New Study Proves Statistical Acrobatics Can’t Hide Shoddy Methodology

By Larry Keane

A recent study published by the National Bureau of Economic Research is making the news for “proving” one of the most popular anti-gun fallacies out there: that more guns means more crime.

Of course, a simple analysis demonstrates a downward trend in crime rates, even as the number of firearms on the market has increased dramatically over the past 20 years, clearly rendering the argument ridiculous. Even without a PhD, the trends are clear. So how does the gun control crowd fight against reality? By devising complicated statistical analyses that poorly attempt to show the opposite is true. This new study is no different.

Building on a deeply-flawed study the authors published in 2014, they revisit the topic of the supposed effects of Right-to-Carry (RTC) laws on the violent crime rate. One of the premier researchers who was attacked in the study, John R. Lott, has published his own rebuttal (worth the read here) that tackles many of the cherry-picking strategies of the authors. There are far too many additional problems with the methodology of the study to cover in a blog post, but here are three of the more egregious problems.

“Violent Crime” is used as a variable

They use “Violent Crime” as a variable.
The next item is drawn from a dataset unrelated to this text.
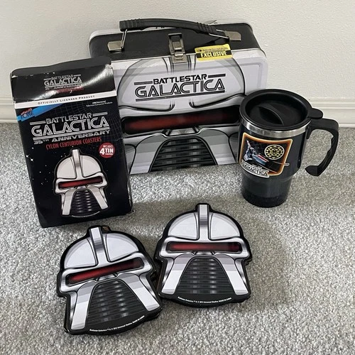 Battlestar Galactica 35th Anniversary Metal Tote, Cylon Coasters & Travel Mug

Unlike prior studies, including the authors’ own previous studies, this report is entirely based on supposed effects of RTC laws on “the violent crime rate,” a miscellaneous measure that lumps together the radically different crimes of murder, rape, robbery, and aggravated assault. The only specific violent crime type addressed is murder, and the authors’ statistical results (as distinct from the verbal spin they put on them) indicated no significant (at the conventional 5% level) effect of RTC laws on murder rates.
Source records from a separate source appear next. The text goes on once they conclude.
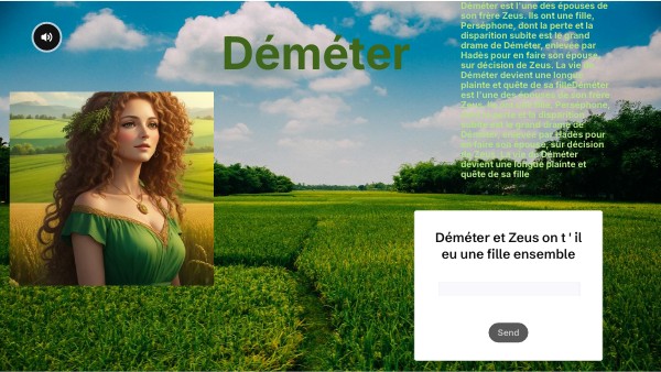 Déméter est l'une des épouses de son frère Zeus. Ils ont une fille, Perséphone, dont la perte et la disparition subite est le grand drame de Déméter, enlevée par Hadès pour en faire son épouse, sur décision de Zeus. La vie de Déméter devient une longue plainte et quête de sa filleDéméter est l'une des épouses de son frère Zeus. Ils ont une fille, Perséphone, dont la perte et la disparition subite est le grand drame de Déméter, enlevée par Hadès pour en faire son épouse, sur décision de Zeus. La vie de Déméter devient une longue plainte et quête de sa fille
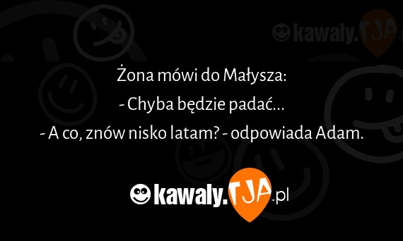 Żona mówi do Małysza: - Chyba będzie padać... - A co, znów nisko latam? - odpowiada Adam.
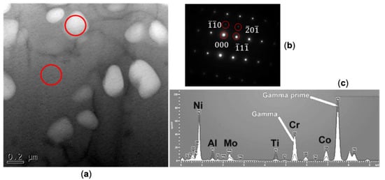 Phase identification of γ’ precipitates: (a) a TEM micrograph of γ’; (b) a superlattice diffraction pattern of γ’ and (c) compared EDS spectra of the γ matrix and the γ’ particle.

Perhaps the analysis was limited to violent crime because the authors’ 2014 study, which used a virtually identical set of data, found no significant effect on murder rates, rape rates or robbery rates. The 2014 study did find borderline significant (5-10% significance) “effects” on aggravated assault rates, though only under some methodological conditions. Because the vast majority of reported violent crimes are aggravated assaults, most of what the authors are referring to as “violent crime” in the 2017 report is aggravated assault.
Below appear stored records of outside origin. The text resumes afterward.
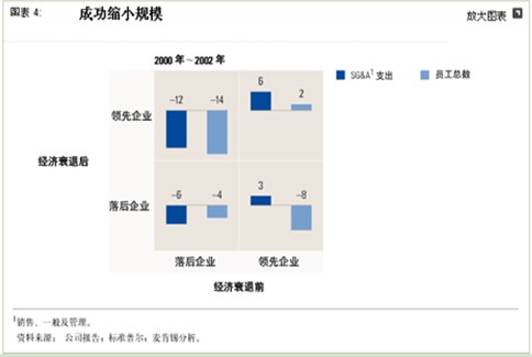 一躍而為領(lǐng)先企業(yè)的落后企業(yè)采用了不同的方法:與依然落后的企業(yè)相比,在整個(gè)經(jīng)濟(jì)衰退期間,前者的 SG&A 開(kāi)支降低幅度要高6%,員工總數(shù)降低幅度要高10%。盡管部分保持領(lǐng)先地位的企業(yè)也進(jìn)行了裁員,但它們的裁員幅度較小,并且集中在經(jīng)濟(jì)衰退的早期。
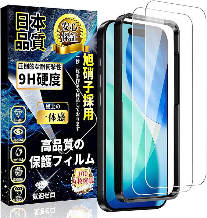 対応 iPhone 17 ガラスフィルム アイフォン17 液晶保護フィルム 旭硝子素材製【ガイド枠付き・2枚入】9H硬度 指紋防止 気泡防止 飛散防止 自動吸着 耐衝撃 高光沢 iPhone 17 強化ガラス 保護フィルム 6.3インチ a
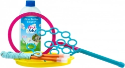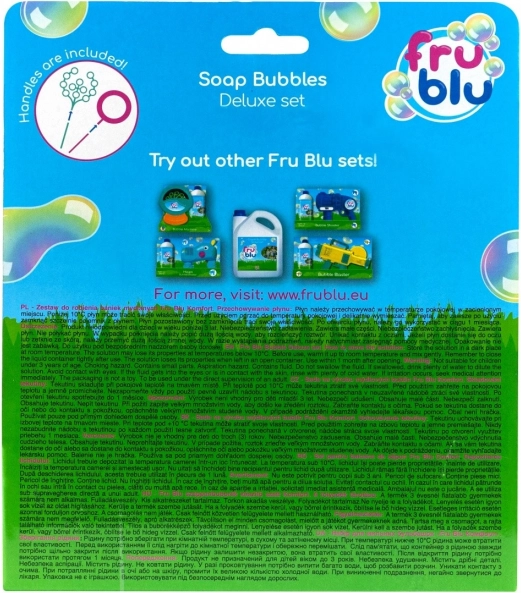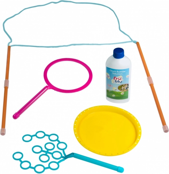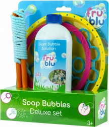 De deluxe FRU BLU bubbelset met 0,4 l oplossing biedt een compact, gemakkelijk op te bergen systeem voor het maken van zowel kleine als reusachtige bellen. Dankzij de eenvoudige montage, 3 verwisselbare opzetstukken en de meegeleverde 0,4 l oplossing genieten kinderen én volwassenen van maximale buitenspeelpret, op feestjes én elke dag.

As far as the reader can determine, the 2017 study, like the 2014 study, found no effect of RTC laws on rates of murder, rape, or robbery, and possibly detrimental effects of RTC laws limited to aggravated assault, but obscured the weak and mixed character of their results by needlessly lumping together very different types of violent crime into a measure dominated by aggravated assaults.

If the laws really caused increases in aggravated assaults, they should, at minimum, specifically increase aggravated assaults committed with guns. The results reported in their 2014 study however, indicated that there was no significant impact of RTC laws on gun-related aggravated assault in 6 of 8 models. The authors choose not to mention this inconvenient finding in the report of their 2017 study.

Aggravated assault data is unreliable

The FBI’s Uniform Crime Reporting (UCR) data for aggravated assault is unreliable. It has long been recognized that police-based crime statistics are subject to serious error, except those pertaining to murder, because most other crime types are not reported to the police. Thus, the rate of reported aggravated assault or other violent crime type can appear to increase even if the actual rate did not increase at all. Likewise, the rate of reported crime can appear higher in one county or state than in another even if there is no actual difference.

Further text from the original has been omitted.